2.11.2. §. Arbitration under Article 25. Of Supreme Decree N º 003-98-SA


35. Unlike binding arbitration under Article 9. No, the provisions of Article 25. º is a voluntary arbitration, which begins because one party is dissatisfied with the pronouncement of the National Rehabilitation Institute, and ending with resolution of Conciliation and Arbitration Centre of the Council Tax Benefit of Health.


36. Regard, please note that this Constitutional Court in STC found that the arbitration 00061-2008-PA/TC volunteer enjoys the presumption of constitutionality because your home is based on the principle of autonomy, which constitutes the essence and foundation of the arbitration because the arbitration involves the exclusion of the courts.
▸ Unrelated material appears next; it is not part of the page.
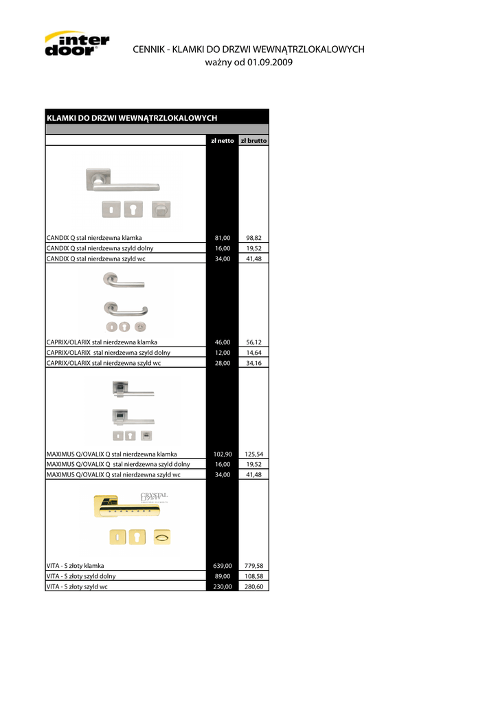 CENNIK - KLAMKI DO DRZWI WEWNĄTRZLOKALOWYCH ważny od 01.09.2009 KLAMKI DO DRZWI WEWNĄTRZLOKALOWYCH zł netto zł brutto CANDIX Q stal nierdzewna klamka 81,00 98,82 CANDIX Q stal nierdzewna szyld dolny 16,00 19,52 CANDIX Q stal nierdzewna szyld wc 34,00 41,48 CAPRIX/OLARIX stal nierdzewna klamka 46,00 56,12 CAPRIX/OLARIX stal nierdzewna szyld dolny 12,00 14,64 CAPRIX/OLARIX stal nierdzewna szyld wc 28,00 34,16 MAXIMUS Q/OVALIX Q stal nierdzewna klamka 102,90 125,54 MAXIMUS Q/OVALIX Q stal nierdzewna szyld dolny 16,00 19,52 MAXIMUS Q/OVALIX Q stal nierdzewna szyld wc 34,00 41,48 VITA - S złoty klamka 639,00 779,58 VITA - S złoty szyld dolny 89,00 108,58 VITA - S złoty szyld wc 230,00 280,60 CENNIK - KLAMKI DO DRZWI WEWNĄTRZLOKALOWYCH ważny od 01.09.2009 VITA - S chrom klamka 695,00 847,90 VITA - S chrom szyld dolny 99,00 120,78 VITA - S chrom szyld wc 239,00 291,58 VITA - S nikiel-satyna klamka 703,00 857,66 VITA - S nikiel-satyna szyld dolny 99,00 120,78 VITA - S nikiel-satyna szyld wc 249,00 303,78 DUO stal nierdzewna klamka 354,00 431,88 DUO stal nierdzewna szyld dolny 39,00 47,58 DUO stal nierdzewna szyld wc 139,00 169,58 Gałka QUATTRO stal nierdzewna 120,00 146,40 Gałka QUATTRO stal nierdzewna szyld dolny 16,00 19,52 Gałka QUATTRO stal nierdzewna szyld wc 34,00 41,48 Gałka PŁASKA stal nierdzewna Gałka PŁASKA stal nierdzewna szyld dolny 85,90 12,00 104,80 14,64 Gałka PŁASKA stal nierdzewna szyld wc 28,00 34,16 CENNIK - KLAMKI DO DRZWI WEWNĄTRZLOKALOWYCH ważny od 01.09.2009 CANDIX 72 stal nierdzewna klamka 55,00 67,10 LAVINIA chrom/nikiel/chrom/złoty klamka 159,59 194,70 LAVINIA chrom/nikiel/chrom/złoty szyld dolny 34,41 41,98 LAVINIA chrom/nikiel/chrom/złoty szyld wc 68,73 83,85 PRIMA/IMAGE stal nierdzewna klamka 67,84 82,76 PRIMA/IMAGE stal nierdzewna szyld dolny 13,44 16,40 PRIMA/IMAGE stal nierdzewna szyld wc 42,50 51,85 100,30 122,37 23,80 29,04 52,70 64,29 VICTORIA klamla 184,62 225,24 VICTORIA szyld dolny 21,54 26,28 VICTORIA szyld wc 47,69 58,18 NERIS nikiel satynowany klamka* / IMAGE Q stal nierdzewna klamla NERIS nikiel satynowany szyld dolny / IMAGE Q stal nierdzewna szyld dolny NERIS nikiel satynowany szyld wc/ IMAGE Q stal nierdzewna szyld wc CENNIK - KLAMKI DO DRZWI WEWNĄTRZLOKALOWYCH ważny od 01.09.2009 SCORPIUS klamla 161,54 197,08 SCORPIUS szyld dolny 19,21 23,44 SCORPIUS szyld wc 38,59 47,08 klamla 0 szyld dolny szyld wc ASTORIA klamla 166,16 202,72 ASTORIA szyld dolny 37,92 46,26 ASTORIA szyld wc 81,64 99,60

It also established that the voluntary arbitration, to be considered constitutional, it must meet certain requirements at the time of installation of the arbitration body.


37. In this regard, that the arbitration process established on a voluntary basis to be constitutional, must be repeated as binding precedent: at the time of installation of the arbitration body the arbitrator shall leave reporting record: a.

The advantages offered arbitration by the Conciliation and Arbitration Centre of the Council Tax Benefit of Health. B.

That for the resolution of their dispute will apply case law and binding precedent established by the Constitutional Court. C.

The insured or beneficiary, if you prefer, you may give preference to arbitration and the judge, who is the Judiciary. D.

That the arbitration decision should be the resource that provides the General Law of Arbitration.

Voluntary arbitration is unconstitutional if it is initiated by a private insurer or the Insurance Standards Office and the insured or beneficiary does not wish to undergo it.



38. It should also be recalled that the arbitration decision should the request for defense, provided it has previously exhausted the remedies provided by the General Arbitration Act and there is a final judicial decision that resolves the appeal.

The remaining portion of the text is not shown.